In any event – and this is absolutely crucial to the general madness now gripping Britain about the war in Iraq -- the idea that the case for war rested on the belief that Saddam possessed stocks of WMD is a rewriting of history. WMD was only part of the story; if people like the current Defence Secretary Bob Ainsworth thought that was the key element, that merely shows just how dumb some MPs are. The case for war was set out by the speeches made at the time by both Bush and Blair.
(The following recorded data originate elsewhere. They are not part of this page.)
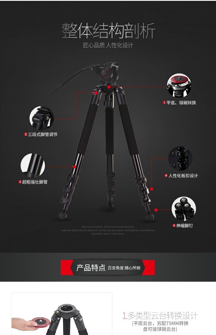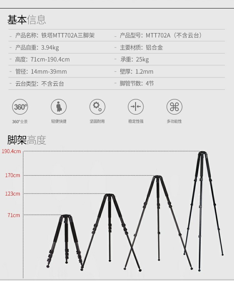 商品名称:miliboo/米泊 单反摄影摄像机三脚架不含云台便携铝合金角 702A
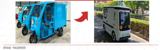 B)无人配送车成本大幅降低,路权扩充应用走向“规模化”。无人配送车一般为低速无人驾驶车辆,载重轻、体积小,无人配送车的成本包括硬件成本、软件成本、运维成本等。2021年无人配送车硬件成本在30-50万元左右,目前裸车价降至5万元左右。目前,无人配送车已在北京、上海、深圳等多个城市进行规模化应用。截至2024年,菜鸟无人车已在全国20多个省份的高校半公开道路上完成超500万公里的运行里程,累计配送超4000万订单;新石器已累计获得超过85个城市颁发的无人车路权“铁牌”,累计获得的牌照数量占全国已发放RoboVan牌照总数的80%以上,已交付超3000辆,自动驾驶里程超3000万公里。
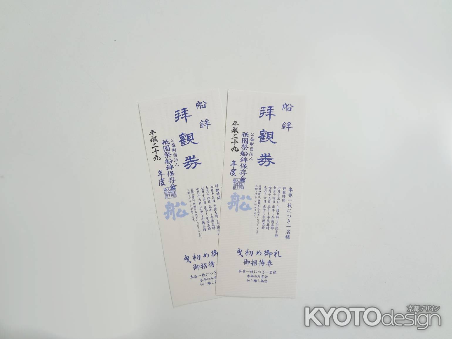 また曳き初めの最後にはなんと拝観券をもらうことができました!宵山の期間に是非行ってみたいと思います。
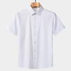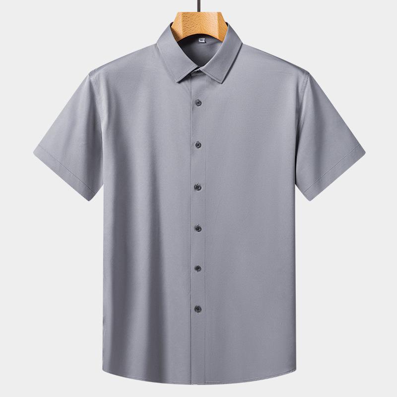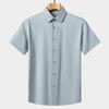 Men's Gray Short Sleeve Button Down Shirt - Ice Silk Casual Business Formal Summer Top

Their overwhelming emphasis was on Saddam’s refusal to obey the binding UN resolutions showing he had dismantled his WMD programmes and the need to enforce the authority of the UN; Saddam’s concomitant failure to prove that he had destroyed his stocks of WMD and renounced his intention to continue developing such weapons; and the unconscionable danger posed by the ‘triple lock’ of his attachment to such weapons and past record in using them, his regional ambitions and hostility towards the west, and his connections to terrorism.

  • From the advance reports of Blair’s TV interview over the weekend, the claim that he would have invaded Iraq even if he had known that Saddam did not possess WMD explodes the whole case for war and comes close to an admission that he ‘went to war on a lie’.

Wrong. Blair said specifically in that interview he would have invaded anyway because of the 12 years in which Saddam defied the UN resolutions to disarm -- the core of the legal case for war. And he indicated there were other reasons for thinking Saddam was dangerous -- which he didn’t amplify on this occasion, but did in spades in the run-up to the war.

The terrifying thing about such media misrepresentation is that people have not only come to believe the lies but because this is a uniform media line they have no idea that this is the very opposite of much of what is actually being said to the Chilcot inquiry. So the belief that Blair lied in order to wage an illegal war is now fixed in the public mind. Hence the tirade this morning by the former Director of Public Prosecutions Ken Macdonald, who before he was a Law Officer was a barrister in the ultra radical Matrix chambers and who has previously expressed boiler-plate anti-Iraq war views. In the Times this morning, he raged:

The degree of deceit involved in our decision to go to war on Iraq becomes steadily clearer.

On the contrary: the deceit is being promulgated by the media. We were not taken to war on a lie. We are instead being lied to about that war – and about the evidence being given about that war -- as history is steadily and shamefully rewritten, even as it is being made.